Further, beetle damage can have the effect of thinning forests, reducing the ability of crown fires to spread.
“If you look at a forest that was affected by beetle outbreak five or 10 years ago, you are talking about something like trying to set fire to a row of telephone poles; there is less to carry the fire,” Kulakowski said.
The authors of the Natural Areas Journal paper, including another scientist from Colorado State University, also found that as long as severe droughts persist, so will the risk of wildfire — beetles or not — as forests dry out. Climate change poses the real threat to forest health because of both drought and warmer winters.
Beetle populations can flourish without a killing winter cold. Department of Natural Resource (DNR) surveys have found more acres of bug-infested forests in Washington than in the past 40 years, with about a third of the state’s forestland east of the Cascades at risk for die off and tree damage from bugs and disease.
Of course, that could create more fuel on the forest floor, which could stoke ground fires, cautions Glenn Kohler, a forest entomologist with state DNR. “These things can cut both ways,” he said.
Kohler cautioned that the understanding of causes and prevention of wildfire in the West is evolving: “The jury is still out.”

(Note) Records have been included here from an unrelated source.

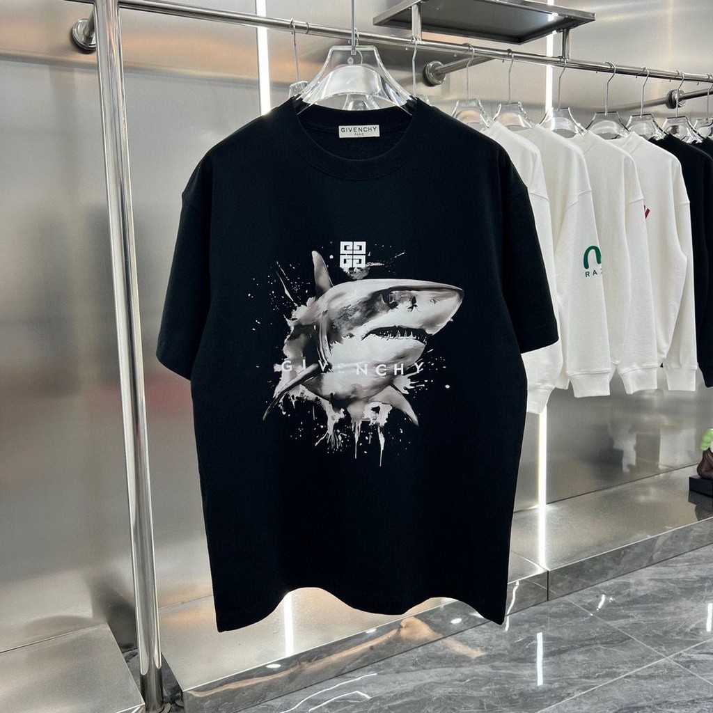 (Camiseta) spot 24 No Início Da Primavera Nova Marca De Moda Dá À Impressão De Padrão Tubarão De Algodão Homens E Mulheres Podem Usar Camisetas De Manga Curta Soltas (collar + tag)
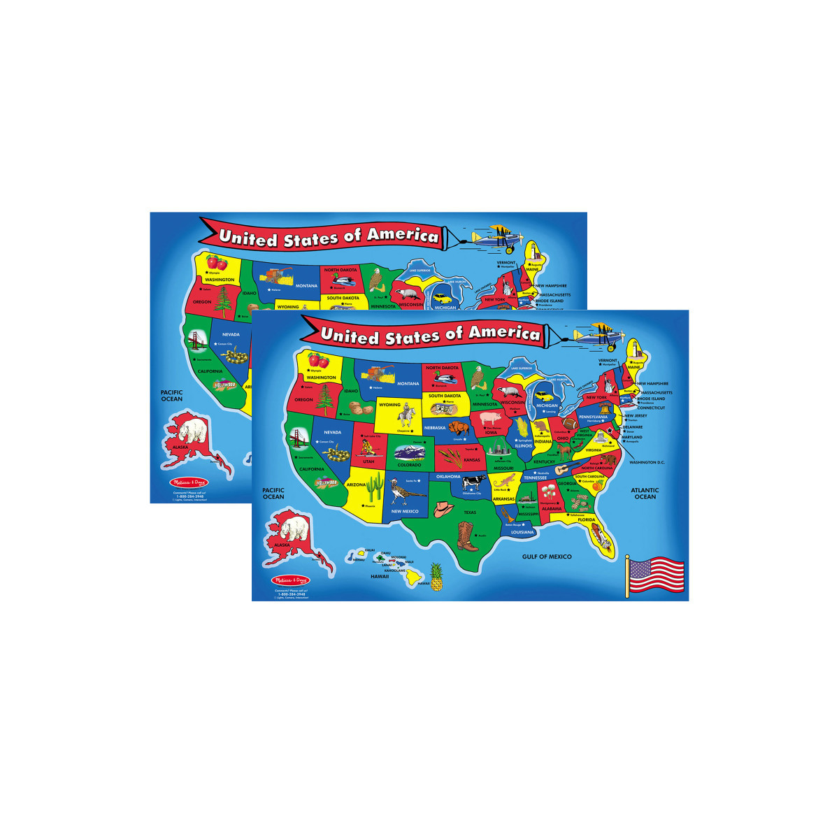 Geography comes to life with this cardboard floor puzzle, featuring 51 pieces cut to the shape of the state or region. 2' x 3' when assembled, the extra-thick pieces feature an Easy-Clean surface to keep them looking like new. Kids will have fun learning the states on this colorful, informative map puzzle. Sold as a pack of 2 identical puzzles.
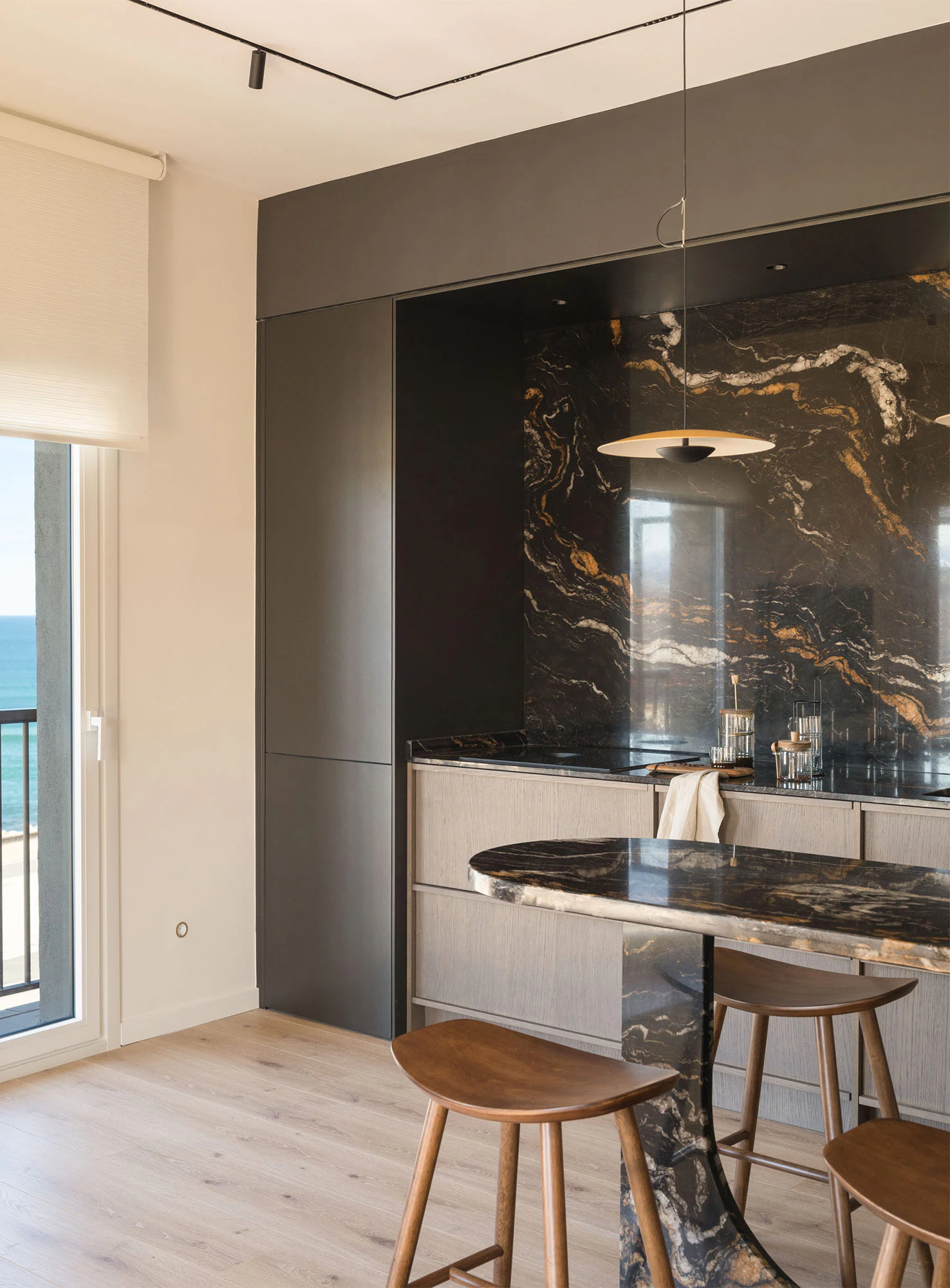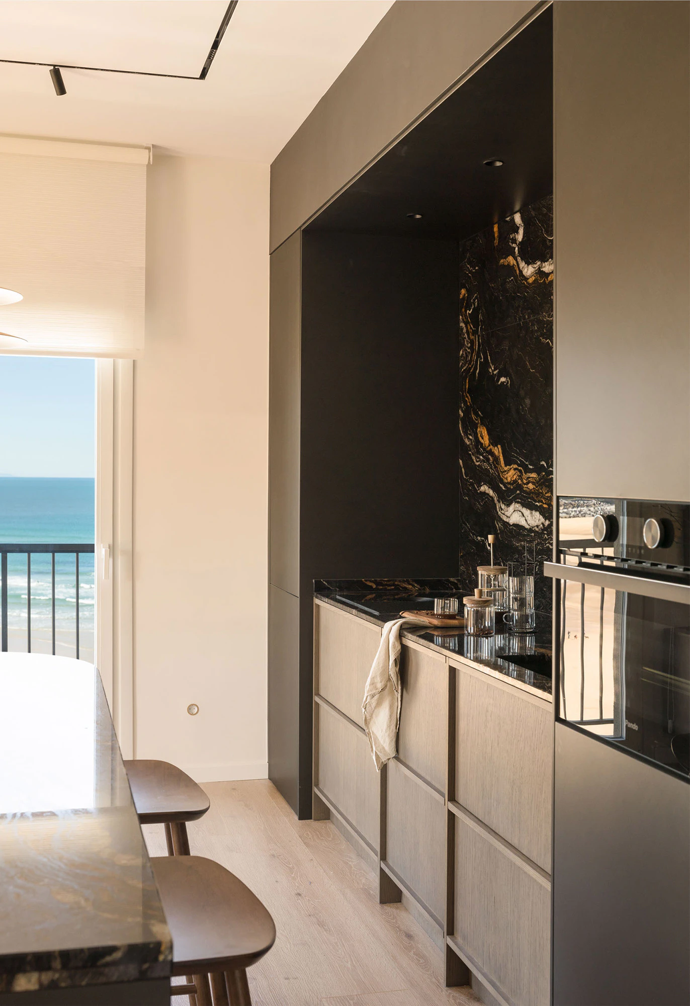 “It is a minimalist kitchen integrated into a small flat with spectacular views,” says Amaia Elias, founder of Amai Studio. “The customer wanted a functional, visually stunning space, as this was to be used as a second home for relaxation.” This premise guided the entire project, in which the kitchen not only fulfils a practical role, but also becomes a design centrepiece. “The kitchen was designed to take up little space, but be the star of the design and integrate perfectly with the living room,” she says.

Meanwhile, the best defense for homeowners living in wildfire country is to clear away combustibles near the home, Kohler said. “It’s all about fuel, whether it’s alive or dead, and if you reduce the amount of fuel, crown fires are less likely to happen.”
Homeowners also are encouraged to thin trees around their property to ward off beetles by reducing competition among the trees, Kohler said.
Scott Black, of the Xerces Society, a Portland-based nonprofit group dedicated to invertebrate conservation, is a co-author of the paper in Natural Areas Journal. He said the findings do sound a cautionary note on large-scale thinning operations on bark-beetle-killed trees as a way to control fire.
It won’t solve the problem, he cautioned, and could do more harm than good by adding roads to forested areas and fragmenting habitat, or by causing siltation in streams.
Kulakowski argued that picking the right tool for the job also is the best use of limited money and staff.
“The reality is that, if our goal is to protect homes and communities, we have limited resources, and the best way is removing flammable material from the immediate vicinity. If you do this to every single home in the western U.S., you will end up treating a much smaller area than if you go after these bark-beetle outbreaks.”